Rourke grabbed her hand and held tight. “The prophecy said ye were to be the earl’s destruction, aye? Not that ye would be the one to kill him.”
Brenna reached back and grabbed the girl’s hand in turn, in a strange way feeling as if she had hold of herself at that age. In one hand she held her past, in the other, her future.
“ ’Twas his obsession with ye that killed him, ye ken?”
Brenna felt the weight of twenty years lift from her shoulders and laughed. “
Now
you tell me.”
 
 
Malcolm met them halfway down the sea path. His gaze flew to hers. “I was coming to find you.”
“He’d dead, Malcolm,” Brenna told him.
Her brother nodded silently, but as he turned to lead the way back down, his teeth flashed in the moonlight in a feral grin. He led them to where Hamilton and her father sat on the rocks on the tiny beach watching the flames slowly consume Castle Stour.

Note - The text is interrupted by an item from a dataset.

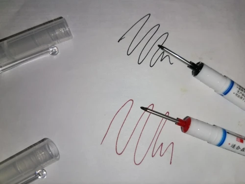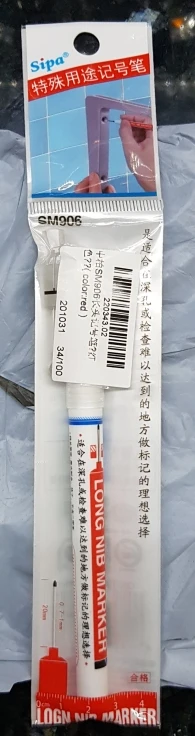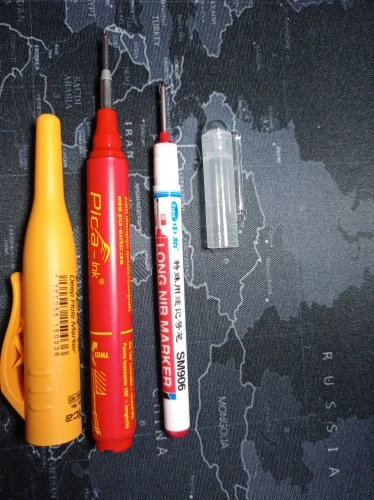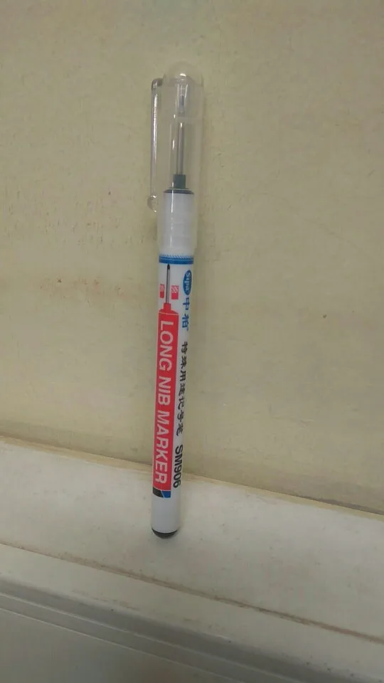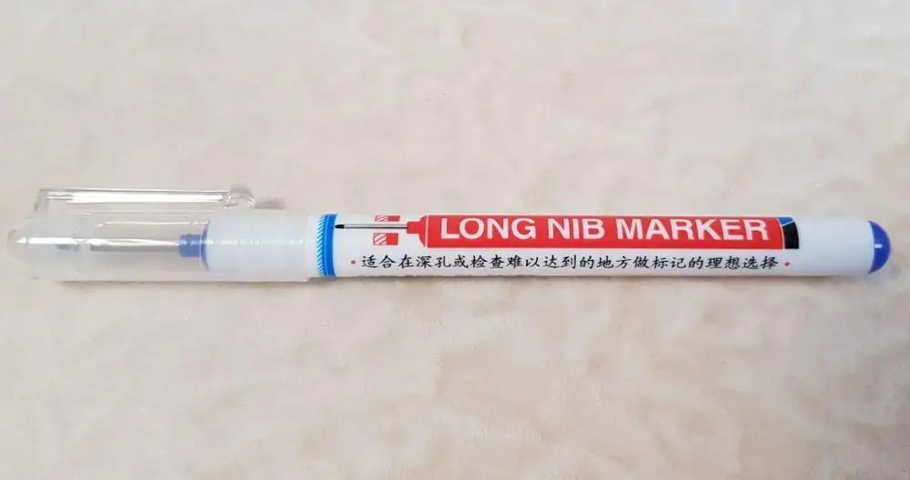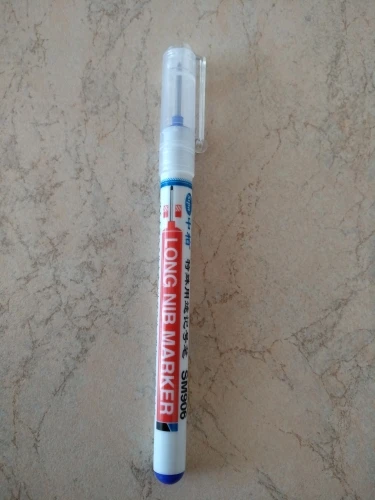 Маркер перманентный с удлинённым наконечником - удобно при черчении с толстой линейкой и рисовании, а также при разметке деталей в столярке. :-) Товар соответсвует описанию полностью. Покупкой доволен. Рекомендую товар и поставщика. Доставили в Москву за две недели в общей упаковке для нескольких заказов.

“She did it!” Malcolm crowed. “My own sister killed the Earl of Slains.” He grabbed her up and swung her around, laughing.
“Actually, Rourke’s the one who killed him.”
The moment Malcolm set her down, her father enfolded her in his strong arms and held her so tightly and so long, she was pretty sure he wasn’t ever going to let her go.
Finally, he began to sway and she helped him sit back down on the rock. But he pulled her down beside him and kept hold of her hand as if afraid she’d disappear on him again.
Malcolm took the girl aside and gently questioned her about her family and where she belonged.
Hamilton came to Brenna and hugged her hard, his face wreathed in grins. “Ye did it, lass. Ye fulfilled the prophecy, and brilliantly, too.” He sat at her feet in the sand. “I wish to know everything, aye? What happened in there?”
Malcolm and the girl joined them and she told the tale, all watching her with rapt attention.
All but Rourke.
He stood alone, the night’s breeze toying with his hair as he watched, not the burning castle, but the sea. As if he were already plotting his escape.